Начиная с Платона предполагалось, что изменение, в частности историческое изменение, обладает конечной целью, или телосом. Идея Гегеля заключалась в том, что история развивается в диалектическом процессе. Здесь важен парадоксальный немецкий термин aufheben, обозначающий три важные и противоречивые вещи – сохранение, подъем и отмену, а в философском употреблении обычно переводимый словом «снятие». Переводчик и философ Вальтер Кауфман писал: «Можно сказать, что Гегель нарисовал картину того, как нечто подхватывается, чтобы не быть больше там, где оно было, и таким, каким оно было, но при этом оно не упраздняется полностью, а переносится выше, чтобы сохраниться на другом уровне»{595}. Принципиальным для Гегеля является то, что в этом процессе ничего не пропадает – все переходит из одной исторической эпохи в следующую. История для него – это развертывание человеческой свободы в направлении Абсолюта, или, что то же самое, Weltgteist, Мирового Духа. По Гегелю, «все действительное разумно» – под этим он подразумевает, что все имеет свое место в разворачивающемся диалектическом процессе. Результатом выступает «тождество тождества и нетождества». История, постигнутая подобным образом, представляет собой большое, космических масштабов, безотходное производство, где ничто не может оказаться на свалке. Следовательно, для Гегеля целое – истинно. Для Адорно, в его типичной инверсивной и афористической манере, действительна именно противоположность: «Целое – неистинно»{596}.
Во всех своих работах Адорно с подозрением относится к философиям, предлагающим гармоничное примирение. Он, по словам Мартина Джея, сомневался в идеях молодого Лукача об эпической цельности в Древней Греции, в представлении Хайдеггера о полноте бытия, ныне трагически забытой, а также в вере Вальтера Беньямина в единство имен и вещей, существовавшее до грехопадения{597}. Однако в «Негативной диалектике» он в основном концентрируется не на деконструкции этих регрессивных фантазий, а спорит с идеей, что у диалектико-исторических процессов должна быть цель. В частности, он отвергает идею, что исторический нарратив обречен завершиться счастливым концом. Так, в противоположность гегелевскому «тождеству тождества и нетождества, Адорно предложил еще более обескураживающее понятие «нетождества тождества и нетождества». Предполагая это, Адорно исходил из того, что никакой предмет не описывается своим понятием полностью, без остатка. И тем не менее предмет должен быть поглощен без остатка, если мышление тождествами имеет смысл. Если предмет не подпадает под понятие без остатка, то с учетом того, что все мышление понятийно, все понятия искажают свои объекты и любое мышление – это акт жестокости по отношению к своему предмету. По крайней мере, такой вывод делает Адорно.

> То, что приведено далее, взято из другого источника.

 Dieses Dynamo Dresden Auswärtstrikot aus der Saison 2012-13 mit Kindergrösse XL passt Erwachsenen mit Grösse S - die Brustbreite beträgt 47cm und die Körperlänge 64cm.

Он, по сути дела, ретроспективно применяет Марксов анализ принципа обмена, чтобы проделать пустоты в гегельянской философии тождества: по мнению Адорно, гегельянство, стремясь достичь тождества, утверждает эквивалентность неэквивалентного{598}. Вместо брутального мышления тождествами Адорно осторожно предлагает иной подход к познанию, ставший известным как теория констелляций. Термин «констелляция» он заимствует из книги Вальтера Беньямина «Происхождение немецкой барочной драмы». Мышление констелляциями отказывается от мышления тождеством, познающим свой предмет, подчиняя его понятию. Понять предмет, согласно Адорно, означает не подчинить его понятию, а поместить в историческое и диалектическое соотношение с констелляцией других объектов. В этом смысле налицо устойчивая параллель между констелляционным мышлением и понятием диалектического образа у Беньямина. Использование термина «констелляция» указывает на его сходство с инструментами модернистского искусства и литературы, импонировавшими Беньямину, – с киномонтажом, с коллажем у кубистов, с correspondances[23] у Бодлера и с эпифаниями у Джойса.

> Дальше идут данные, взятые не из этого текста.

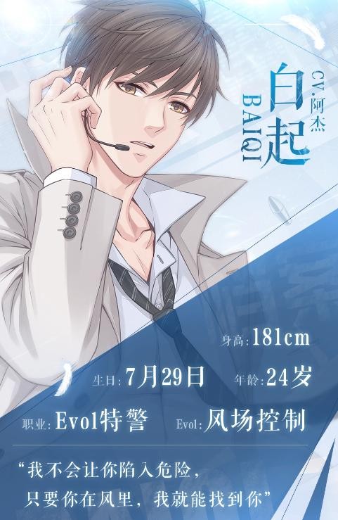 白起,手游《恋与制作人》中男主角之一。曾任职于恋语市公安总局,以公安特警的身份为自己的真实行动做掩护,在暗中保护你。真正身份为特遣署特别行动部的Evol特警,Evol为风场控制。现为特遣署总指挥官。
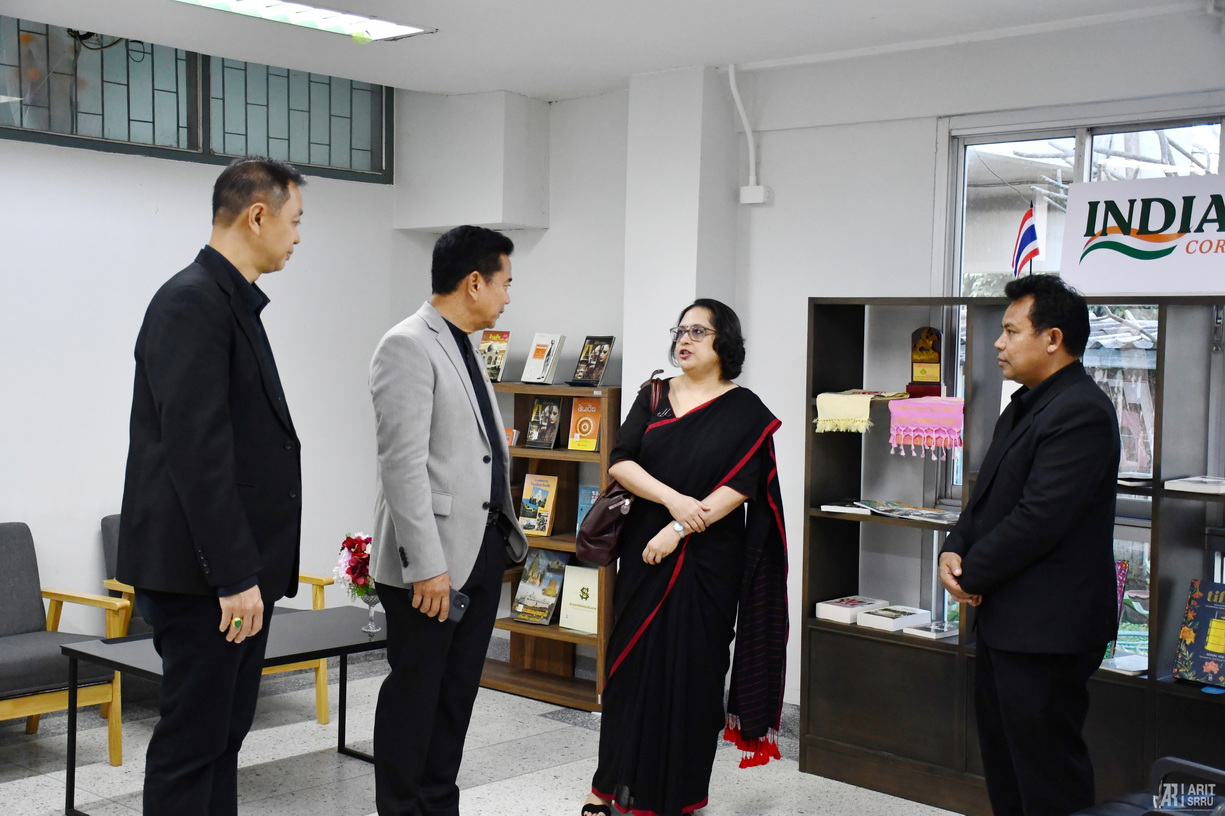 วันที่ 12 ธันวาคม 2568 เวลา 09.30 น. มหาวิทยาลัยราชภัฏสุรินทร์ โดย รองศาสตราจารย์ ดร.ฉลอง สุขทอง อธิการบดีมหาวิทยาลัยราชภัฏสุรินทร์ นำคณะผู้บริหารร่วมต้อนรับ Ms.Paulomi Tripahi Deputy อุปทูต สถานเอกอัครราชทูตอินเดียประจำประเทศไทย และคณะ ในการนี้ได้ร่วมเปิด “มุมอินเดีย (India Corner)” ณ บริเวณ ชั้น 1 อาคารสำนักวิทยบริการและเทคโนโลยีสารสนเทศ เวลา 10.00 น. ได้เข้าร่วมประชุม เพื่อสร้างเครือข่ายความร่วมมือในการแลกเปลี่ยนเรียนรู้ทางวิชาการ และทางด้านวัฒนธรรม ณ ห้องประชุมฉัททันต์ ชั้น 2 อาคาร 31 มหาวิทยาลัยราชภัฏสุรินทร์

Констелляции Беньямина особенно близки прустовскому понятию непроизвольного воспоминания. Когда рассказчик из «? la recherche du temps perdu»[24] пробует печенье мадлен, перед ним разворачивается вся картина его детства. Именно такие вспышки внутреннего озарения были надеждой констелляционной теории познания у Адорно. Через такие меняющиеся констелляции и мимолетные озарения истина предмета предстает сочувствующему наблюдателю. Адорно изложил этот подход к познанию в своей инаугурационной лекции в Институте социальных исследований во Франкфурте в 1931 году и столкнулся с непониманием слушателей. В «Негативной диалектике» он попытался изложить новую версию, используя аналогию, делающую его похожим на взломщика сейфа в подвале банка после окончания рабочего дня, буддистского виртуоза ментальной концентрации и квантового физика, понимающего, что его исследование изменит природу своего объекта. Он пишет: «Только знание, сконцентрированное на исторической ценности положения предмета в его отношении к другим объектам, может освободить заточенную в нем историю – актуализируя и концентрируя то, что этим знанием уже было познано и преобразовано. Познание предмета в его констелляции – это познание процесса, который предмет накапливает в себе. Теоретическая мысль в виде констелляции окружает то понятие, которое хочет раскрыть, в надежде, что оно распахнется наподобие замка хорошо охраняемых сейфов – но не одним-единственным ключом или простым числом, а комбинацией шифров»{599}. Озарение, если к нему вообще возможно прийти, должно быть достигнуто последователями, вышедшими за пределы мышления тождествами. Но даже в этом случае озарение должно прийти в виде вспышек – констелляций. Они, как мобильные армии метафор, постоянно изменяются, вырываясь проблесками из сознания наблюдателя. Однако «Негативная диалектика» подводит к выводу, что такие вспышки озарения служат единственным средством, с помощью которого мы можем покинуть пределы тотальной системы заблуждений.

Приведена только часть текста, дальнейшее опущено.